The data:
◇ ◇ ◇ ◇ ◇
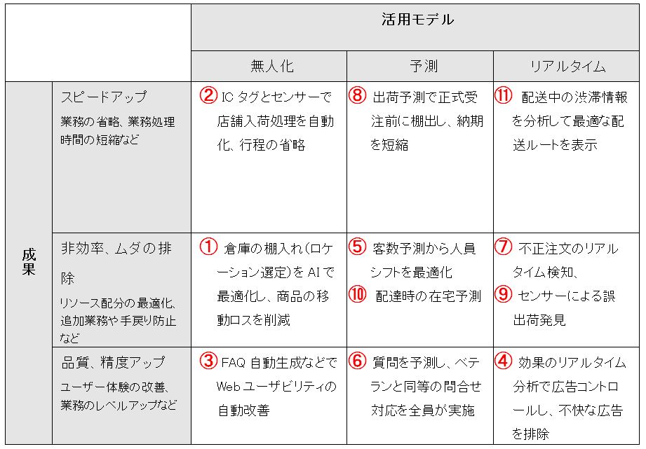 活用モデルを表すキーワードとして、「無人化」「予測」「リアルタイム」などが挙げられますが、この“成果”と“活用モデル”とでマトリクスを作り、アイディアで埋めていくと良いでしょう。手順をイメージしやすいように、下記の業務フロー(例)についてマトリクスを作り、アイディアを出してみました。
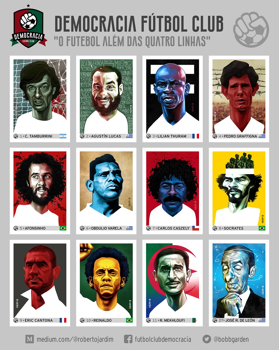 Para quem não conhece o projeto, o também jornalista Eduardo Rodrigues resume no texto de apresentação da obra: “Roberto Jardim traz à tona um inventário de vozes que ecoaram para além dos gramados. Vozes de homens que não se curvaram diante de adversários no campo e na política. Jardim foi cirúrgico nas escolhas e preciso nas descrições. Desceu as escadarias que levam ao túnel para escalar 11 craques e um treinador que travaram lutas dentro e fora das quatro linhas”.
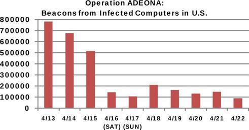 | Keywords: Operation ADEONA coreflood.svg en A graph illustrating the number of Coreflood Beacons per Day following Operation ADEONA Please note While the beacons per day BPD metric is a reasonable measure of the size of the Coreflood Botnet it is not the same as the number of infected computers because an infected computer may be re-started several times per day increasing the BPD or not re-started or turned on at all decreasing the BPD The actual number of infected computers in the Coreflood Botnet is not known notwithstanding the Government ™s control of the substitute servers because the Government is not receiving content from the infected computers including content that would enable the Government to uniquely identify each infected computer http //www justice gov/opa/documents/coreflood-govt-supp pdf FBI 4-23-2011 PD-USGov Botnet Uncategorized 2015 February 4 |
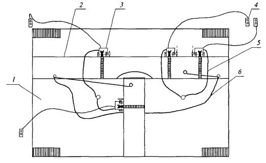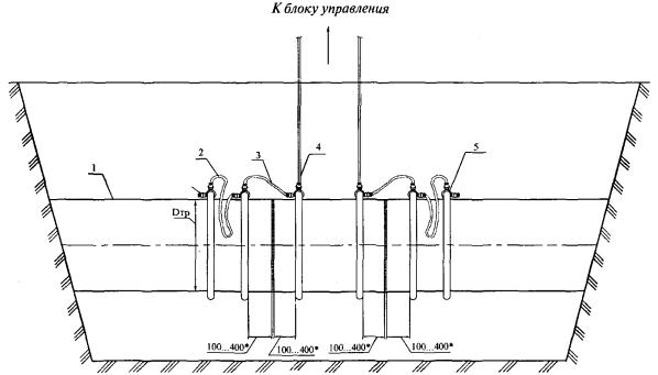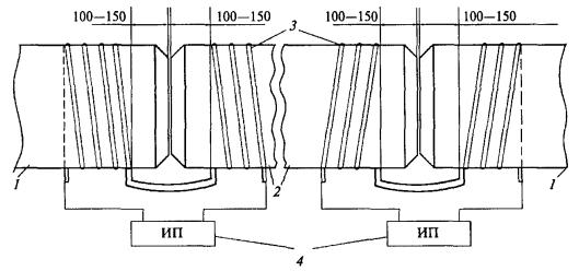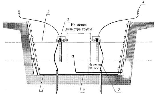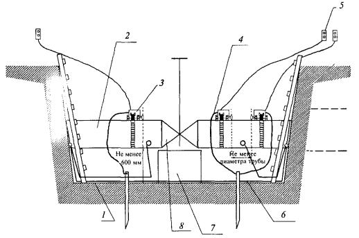 Рис. 7.2. Схема безогневой вырезки задвижки нефтепровода труборезами 1 - рабочий котлован; 2 - трубопровод; 3 - труборез; 4 - провода заземления труборезов со штырями; 5 - пульт управления трубореза; 6 - шунтирующая перемычка; 7 - фундамент задвижки; 8 - задвижка Рис. 7.3. Схема безогневой вырезки тройника труборезами 1 - рабочий котлован; 2 - трубопровод; 3 - труборез; 4 - пульт труборезом; 5 - провода заземления труборезов; 6 - шунтирующая перемычка 7.11. При вырезке тройника одновременно устанавливаются и работают три труборезных машины. 7.12. Работы при резке труб следует проводить с соблюдением следующих требований и в последовательности: - проверить и убедиться в полной исправности и комплектности применяемого оборудования до начала работ; - разметить место реза и установить труборез на трубопровод, при монтаже удерживать его грузоподъемным механизмом до тех пор, пока не будут натянуты цепи; - установить электрощит управления на расстоянии не менее 30 м от места проведения работ; - выполнить расключение силовых кабелей, заземлить труборез и пульт управления; - проверить силовые кабели на отсутствие внешних повреждений; - подготовить емкость с охлаждающей жидкостью вместимостью 50 л для обеспечения постоянного охлаждения фрезы во время резки; - застопорить вырезаемую «катушку» (арматуру) грузоподъемным механизмом; - произвести вырезку «катушки» в соответствии с инструкцией по эксплуатации трубореза, при движении трубореза по трубопроводу не допускать попадания силового и заземляющего кабелей, шунтирующих перемычек в зону работы фрезы, не допускать натяжки кабеля; - для избежания защемления режущего диска фрезы при резке труб, вследствие освобождающихся напряжений, необходимо вбивать клинья в надрез через каждые 250...300 мм на расстоянии 50...60 мм от режущего инструмента. Клинья должны быть изготовлены из искробезопасного материала. Грузоподъемные работы по монтажу и демонтажу труборезов, поддержке и удалению вырезаемых деталей выполнять с помощью грузоподъемных механизмов в соответствии с Правилами устройства и безопасной эксплуатации грузоподъемных кранов. 7.13. Работа по вырезке «катушек» безогневым методом отрезными машинками запрещается: - при отсутствии предохранительного кожуха на фрезе; - без равномерного постоянного охлаждения фрезы; - без заземления пульта управления, трубореза, передвижной электростанции; - при наличии людей в рабочем котловане, не занятых в работе по вырезке «катушки»; - при расстоянии между стенкой котлована и труборезом менее 0,5 м; - при скорости вращения фрезы более 60 об/мин. 7.14. После окончания работ по вырезке дефектного участка трубы, задвижки или соединительного элемента труборезные машинки демонтируются, ремонтный котлован освобождается от вырезанных «катушек», деталей и зачищается от замазученности. Вырезка дефектного участка с применением энергии взрыва 7.15. Вырезка дефектного участка с применением энергии взрыва должна проводиться в соответствии с Едиными правилами безопасности при взрывных работах, утвержденными Госгортехнадзором России, действующими инструкциями и положениями о порядке учета, хранения, использования и транспортирования взрывчатых материалов, по технологии, согласованной с Госгортехнадзором России. 7.16. Взрывные работы должны проводиться по проекту производства взрывных 
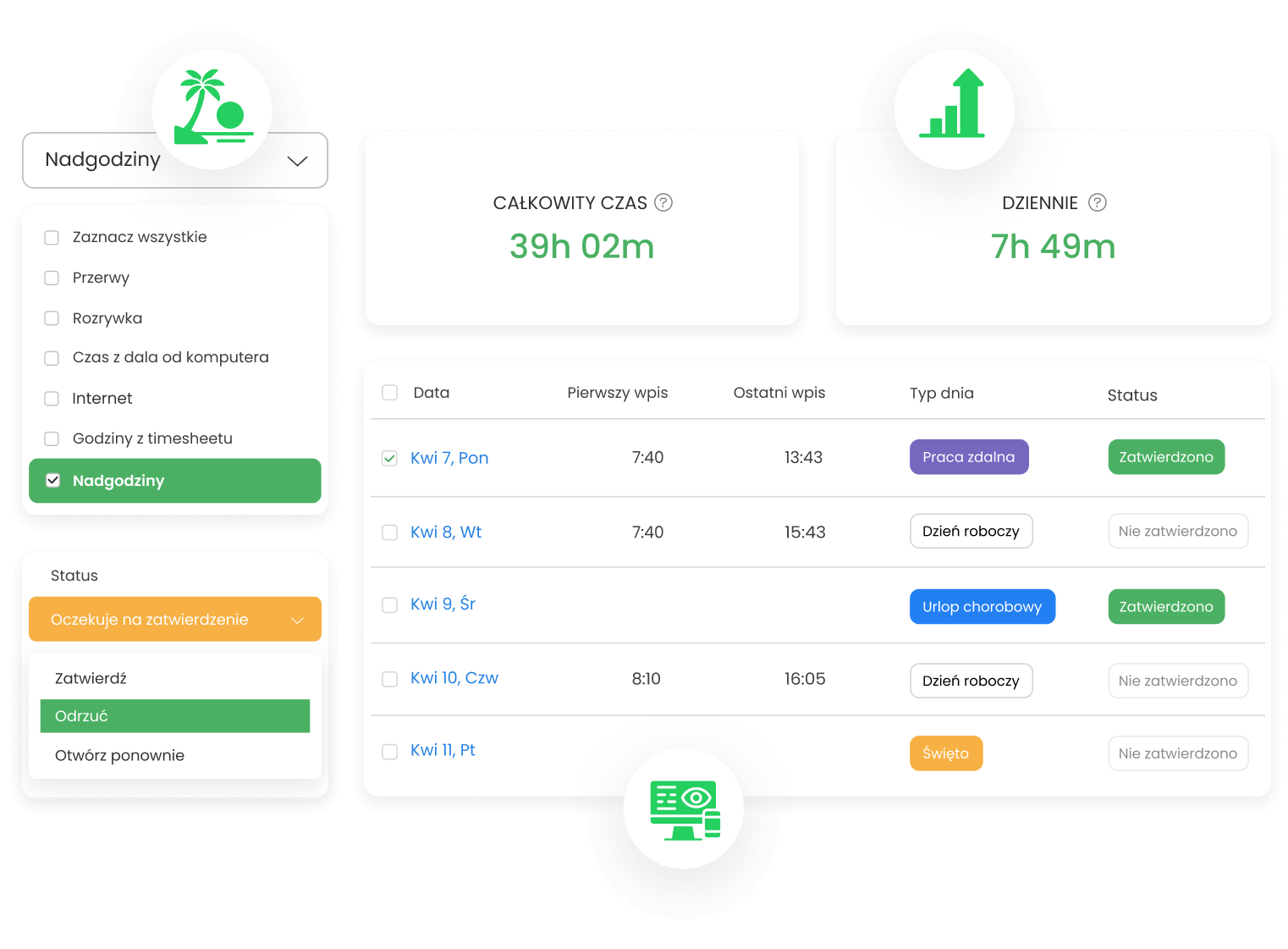 TimeCamp umożliwia rejestrowanie przyjścia i wyjścia każdego pracownika w czasie rzeczywistym, eliminując konieczność prowadzenia dokumentacji w formie papierowej. Dzięki temu uzyskasz dokładny zapis godzin pracy, umożliwiając skuteczne zarządzanie czasem pracy w zakładzie pracy.
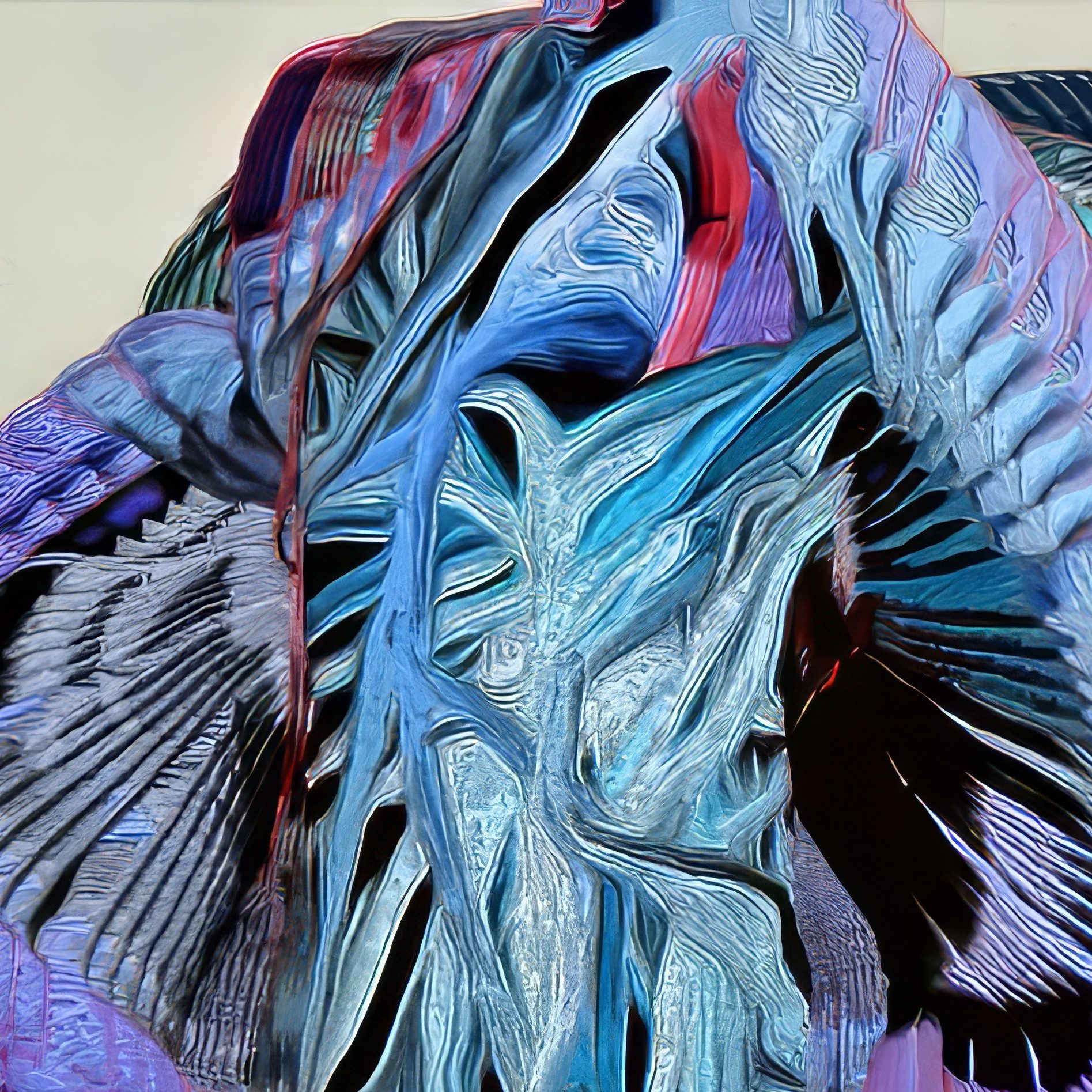 L’image que vous voyez devant vous montre quelque chose qui a nécessité une physiothérapie intensive pour être maîtrisé. Pour me déplacer vers le sol, je dois appuyer sur ma prothèse et sentir la résistance du fluide hydraulique dans l’articulation du genou, en faisant attention de ne pas accrocher mon orteil, ce qui déclencherait le mouvement et ferait fléchir mon genou. Les images composites oscillantes derrière moi capturent également le mouvement de ma jambe réelle qui se déplace du centre de mon pied vers mes orteils afin de maintenir un équilibre délicat. J’aime le fait que laisser une trace de quelque chose que j’essaierais normalement de cacher en public, cette oscillation et cette concentration pour me diriger vers le sol, aient en fait rendu ma silhouette plus organique et semblable à une fleur.
◇ ◇ ◇ ◇ ◇
To do:
Repeat every record above exactly, except the pictures.

Your solution:
 活用モデルを表すキーワードとして、「無人化」「予測」「リアルタイム」などが挙げられますが、この“成果”と“活用モデル”とでマトリクスを作り、アイディアで埋めていくと良いでしょう。手順をイメージしやすいように、下記の業務フロー(例)についてマトリクスを作り、アイディアを出してみました。
 Para quem não conhece o projeto, o também jornalista Eduardo Rodrigues resume no texto de apresentação da obra: “Roberto Jardim traz à tona um inventário de vozes que ecoaram para além dos gramados. Vozes de homens que não se curvaram diante de adversários no campo e na política. Jardim foi cirúrgico nas escolhas e preciso nas descrições. Desceu as escadarias que levam ao túnel para escalar 11 craques e um treinador que travaram lutas dentro e fora das quatro linhas”.
 | Keywords: Operation ADEONA coreflood.svg en A graph illustrating the number of Coreflood Beacons per Day following Operation ADEONA Please note While the beacons per day BPD metric is a reasonable measure of the size of the Coreflood Botnet it is not the same as the number of infected computers because an infected computer may be re-started several times per day increasing the BPD or not re-started or turned on at all decreasing the BPD The actual number of infected computers in the Coreflood Botnet is not known notwithstanding the Government ™s control of the substitute servers because the Government is not receiving content from the infected computers including content that would enable the Government to uniquely identify each infected computer http //www justice gov/opa/documents/coreflood-govt-supp pdf FBI 4-23-2011 PD-USGov Botnet Uncategorized 2015 February 4 |
 Рис. 7.2. Схема безогневой вырезки задвижки нефтепровода труборезами 1 - рабочий котлован; 2 - трубопровод; 3 - труборез; 4 - провода заземления труборезов со штырями; 5 - пульт управления трубореза; 6 - шунтирующая перемычка; 7 - фундамент задвижки; 8 - задвижка Рис. 7.3. Схема безогневой вырезки тройника труборезами 1 - рабочий котлован; 2 - трубопровод; 3 - труборез; 4 - пульт труборезом; 5 - провода заземления труборезов; 6 - шунтирующая перемычка 7.11. При вырезке тройника одновременно устанавливаются и работают три труборезных машины. 7.12. Работы при резке труб следует проводить с соблюдением следующих требований и в последовательности: - проверить и убедиться в полной исправности и комплектности применяемого оборудования до начала работ; - разметить место реза и установить труборез на трубопровод, при монтаже удерживать его грузоподъемным механизмом до тех пор, пока не будут натянуты цепи; - установить электрощит управления на расстоянии не менее 30 м от места проведения работ; - выполнить расключение силовых кабелей, заземлить труборез и пульт управления; - проверить силовые кабели на отсутствие внешних повреждений; - подготовить емкость с охлаждающей жидкостью вместимостью 50 л для обеспечения постоянного охлаждения фрезы во время резки; - застопорить вырезаемую «катушку» (арматуру) грузоподъемным механизмом; - произвести вырезку «катушки» в соответствии с инструкцией по эксплуатации трубореза, при движении трубореза по трубопроводу не допускать попадания силового и заземляющего кабелей, шунтирующих перемычек в зону работы фрезы, не допускать натяжки кабеля; - для избежания защемления режущего диска фрезы при резке труб, вследствие освобождающихся напряжений, необходимо вбивать клинья в надрез через каждые 250...300 мм на расстоянии 50...60 мм от режущего инструмента. Клинья должны быть изготовлены из искробезопасного материала. Грузоподъемные работы по монтажу и демонтажу труборезов, поддержке и удалению вырезаемых деталей выполнять с помощью грузоподъемных механизмов в соответствии с Правилами устройства и безопасной эксплуатации грузоподъемных кранов. 7.13. Работа по вырезке «катушек» безогневым методом отрезными машинками запрещается: - при отсутствии предохранительного кожуха на фрезе; - без равномерного постоянного охлаждения фрезы; - без заземления пульта управления, трубореза, передвижной электростанции; - при наличии людей в рабочем котловане, не занятых в работе по вырезке «катушки»; - при расстоянии между стенкой котлована и труборезом менее 0,5 м; - при скорости вращения фрезы более 60 об/мин. 7.14. После окончания работ по вырезке дефектного участка трубы, задвижки или соединительного элемента труборезные машинки демонтируются, ремонтный котлован освобождается от вырезанных «катушек», деталей и зачищается от замазученности. Вырезка дефектного участка с применением энергии взрыва 7.15. Вырезка дефектного участка с применением энергии взрыва должна проводиться в соответствии с Едиными правилами безопасности при взрывных работах, утвержденными Госгортехнадзором России, действующими инструкциями и положениями о порядке учета, хранения, использования и транспортирования взрывчатых материалов, по технологии, согласованной с Госгортехнадзором России. 7.16. Взрывные работы должны проводиться по проекту производства взрывных 
 TimeCamp umożliwia rejestrowanie przyjścia i wyjścia każdego pracownika w czasie rzeczywistym, eliminując konieczność prowadzenia dokumentacji w formie papierowej. Dzięki temu uzyskasz dokładny zapis godzin pracy, umożliwiając skuteczne zarządzanie czasem pracy w zakładzie pracy.
 L’image que vous voyez devant vous montre quelque chose qui a nécessité une physiothérapie intensive pour être maîtrisé. Pour me déplacer vers le sol, je dois appuyer sur ma prothèse et sentir la résistance du fluide hydraulique dans l’articulation du genou, en faisant attention de ne pas accrocher mon orteil, ce qui déclencherait le mouvement et ferait fléchir mon genou. Les images composites oscillantes derrière moi capturent également le mouvement de ma jambe réelle qui se déplace du centre de mon pied vers mes orteils afin de maintenir un équilibre délicat. J’aime le fait que laisser une trace de quelque chose que j’essaierais normalement de cacher en public, cette oscillation et cette concentration pour me diriger vers le sol, aient en fait rendu ma silhouette plus organique et semblable à une fleur.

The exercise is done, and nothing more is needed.